→ STORED DATA
::::
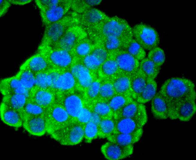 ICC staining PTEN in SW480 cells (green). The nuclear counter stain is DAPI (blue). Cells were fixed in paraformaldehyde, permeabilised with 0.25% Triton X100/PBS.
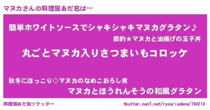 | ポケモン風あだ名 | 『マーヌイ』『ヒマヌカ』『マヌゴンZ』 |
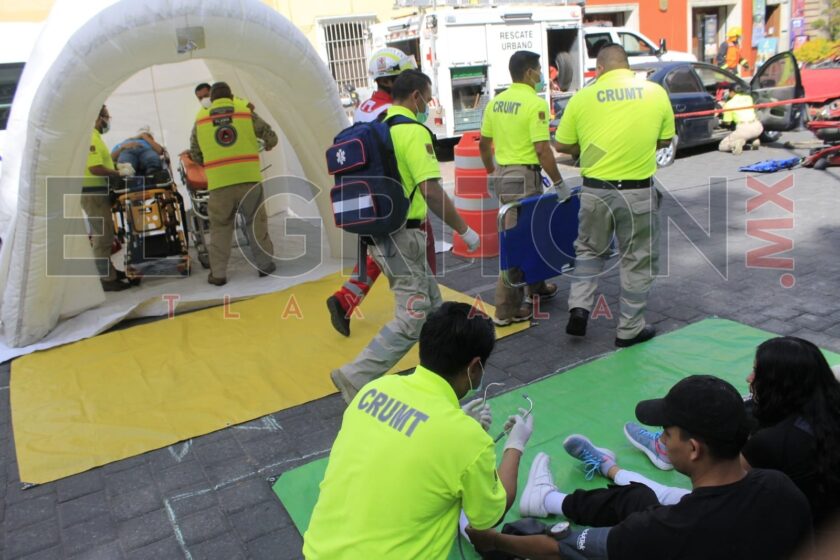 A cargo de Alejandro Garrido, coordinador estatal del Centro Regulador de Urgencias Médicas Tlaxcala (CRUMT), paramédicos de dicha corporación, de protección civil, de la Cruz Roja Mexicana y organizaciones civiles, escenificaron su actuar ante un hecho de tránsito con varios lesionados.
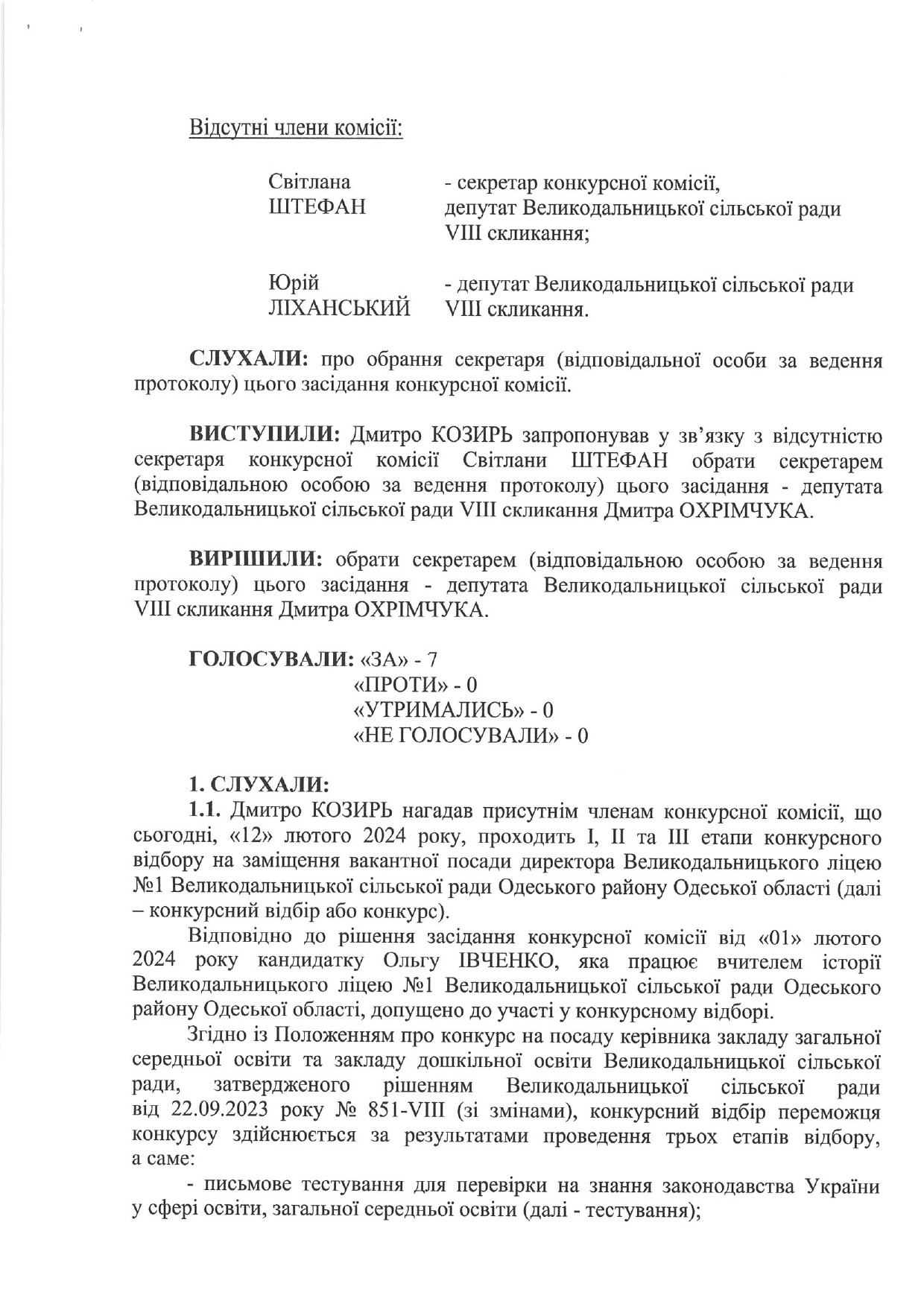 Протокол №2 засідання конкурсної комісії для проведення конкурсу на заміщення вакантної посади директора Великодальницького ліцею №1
::::
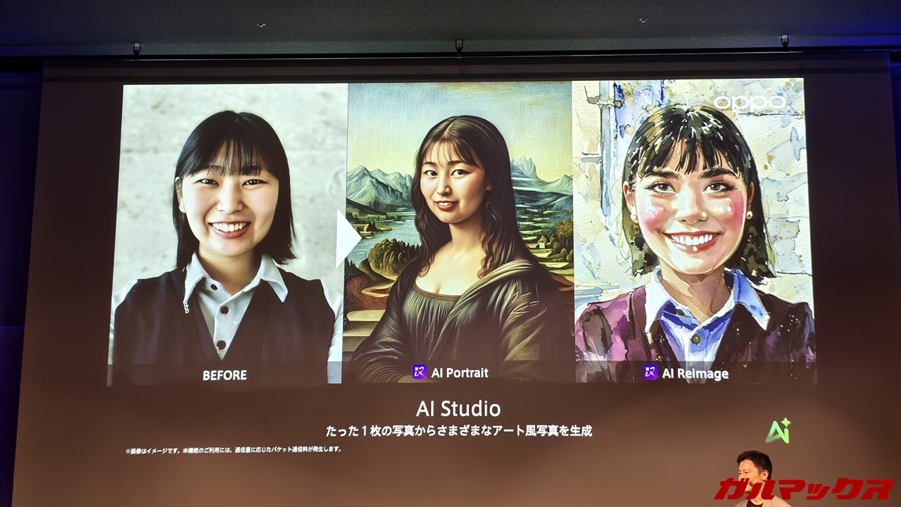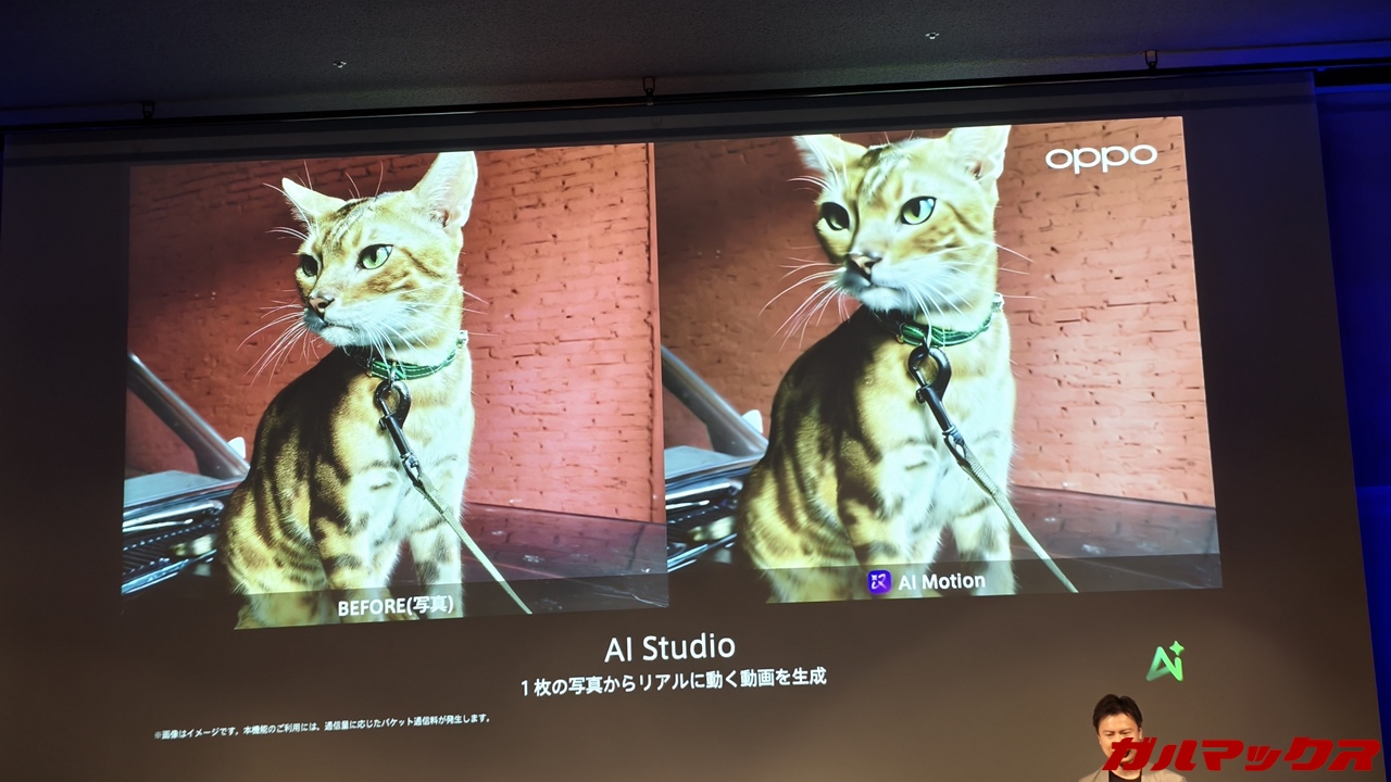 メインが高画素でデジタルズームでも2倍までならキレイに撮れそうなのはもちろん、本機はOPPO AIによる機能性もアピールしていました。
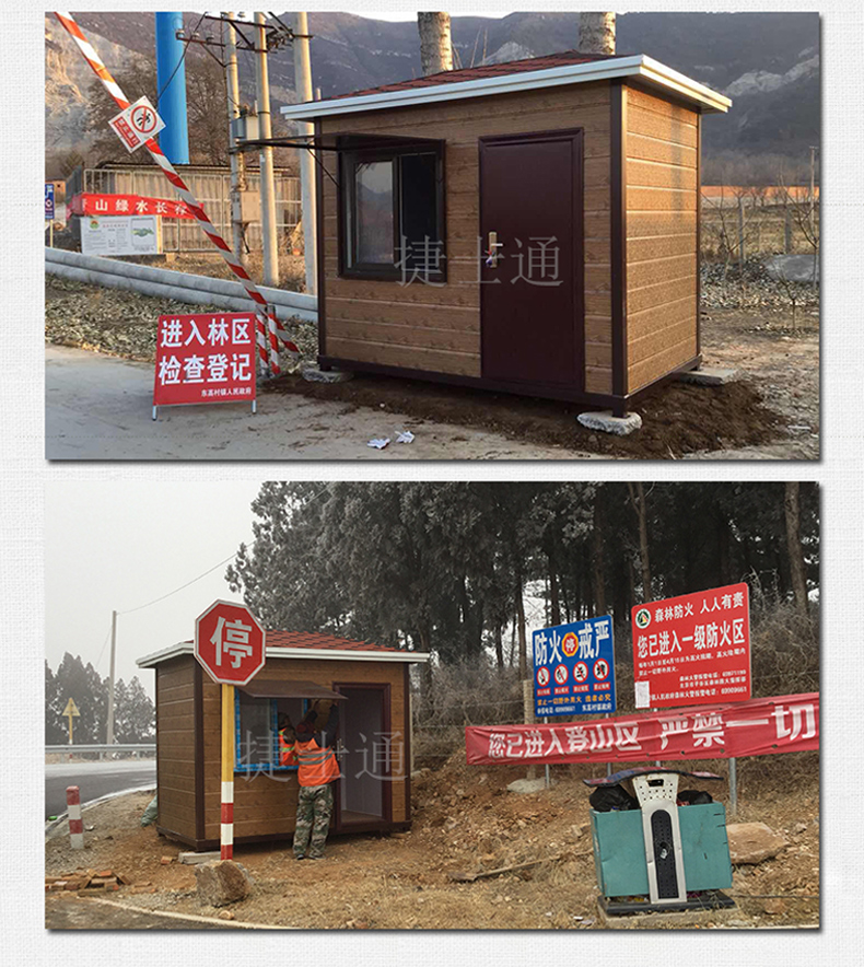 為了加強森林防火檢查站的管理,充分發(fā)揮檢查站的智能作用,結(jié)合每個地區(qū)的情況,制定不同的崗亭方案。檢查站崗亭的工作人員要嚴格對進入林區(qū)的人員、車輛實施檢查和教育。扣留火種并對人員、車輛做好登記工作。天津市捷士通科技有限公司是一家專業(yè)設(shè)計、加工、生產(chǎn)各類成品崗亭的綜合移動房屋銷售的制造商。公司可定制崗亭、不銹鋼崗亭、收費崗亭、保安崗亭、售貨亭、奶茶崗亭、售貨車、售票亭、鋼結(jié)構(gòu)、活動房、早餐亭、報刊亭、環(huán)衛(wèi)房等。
::::
→ WORK ORDER
Start with the line above containing "ICC staining PTEN" and end with the line containing "Протокол №2 засідання". Set down that stretch exactly, without any pictures.

→ EXERCISE RESULT
 ICC staining PTEN in SW480 cells (green). The nuclear counter stain is DAPI (blue). Cells were fixed in paraformaldehyde, permeabilised with 0.25% Triton X100/PBS.
 | ポケモン風あだ名 | 『マーヌイ』『ヒマヌカ』『マヌゴンZ』 |
 A cargo de Alejandro Garrido, coordinador estatal del Centro Regulador de Urgencias Médicas Tlaxcala (CRUMT), paramédicos de dicha corporación, de protección civil, de la Cruz Roja Mexicana y organizaciones civiles, escenificaron su actuar ante un hecho de tránsito con varios lesionados.
 Протокол №2 засідання конкурсної комісії для проведення конкурсу на заміщення вакантної посади директора Великодальницького ліцею №1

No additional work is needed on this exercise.